Будучи, в отличие от Ленина и тем более Сталина, настоящим ученым, Маркс допустил, однако, по меньшей мере две фундаментальные ошибки. Первая — его постулат о неизбежности абсолютного обнищания пролетариата, обосновывавший неизбежность пришестви мировой антибуржуазной революции. Вторая — наивная вера в то, что человеческая природа способна целиком измениться под влиянием благоприятных условий (спору нет, бытие определяет сознание, но лишь в рамках заложенной биологической программы).
Как мы знаем, пролетариат не только не обнищал (хотя, надо признать, к этому одно время вроде бы шло), но и настолько «обуржуазился», что мысль о какой бы то ни было им инспирированной революции сегодня уже не может вызвать ничего, кроме кривой ухмылки.
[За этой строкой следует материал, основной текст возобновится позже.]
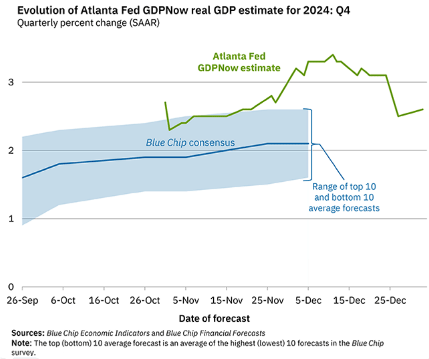 The Atlanta Fed’s GDPNow model estimate of December quarter real GDP growth slipped from 3.1% to 2.6% due to a big drop in their estimate of private domestic investment growth.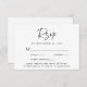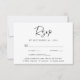 Tarjeta de gabinete RSVP de boda clásica con "Rsvp" en un guión moderno de moda, los detalles del RSVP en una tipografía serif elegante y sus opciones de menú personalizadas. Añade tus nombres y la fecha del boda al dorso.

Что же до второй Марксовой ошибки, то «советский эксперимент» потому и провалился, что человеческая природа решительно стала в оппозицию к коммунистической доктрине. Общество, в котором все трудятся по возможности, но все получают по потребности, хот бы потому немыслимо построить, что люди, никем и ничем, кроме собственных совершенств, к тому не побуждаемые, немедленно перестанут трудиться. Они и перестали, хот не только в сталинской, но и в хрущевско-брежневской державе до пресловутого коммунизма было дальше, чем до звезд…
Естествоиспытателю дана возможность ставить опыты над природой, историк применительно к обществу возможности такой, увы, лишен. Случается, однако, что социальная действительность сама как бы организует эксперимент, да еще столь безукоризненно точный, что и избалованным кибернетикам впору превратиться в завистников. Капризы послевоенной судьбы породили на Западе две Германии, а на Дальнем Востоке — две Кореи. Произошло это в разных концах света, на почве чуть ли не противоположных духовных культур и будто с той единственной целью, чтобы подчеркнуть, что не география, не религия, не раса и не многотысячелетний опыт оказываются решающими, когда два противоположных политических строя принимаются между собою соперничать, а нечто а р х е т и п и ч е с к о е, лежащее много глубже борозд, проложенных видимой человеческой историей.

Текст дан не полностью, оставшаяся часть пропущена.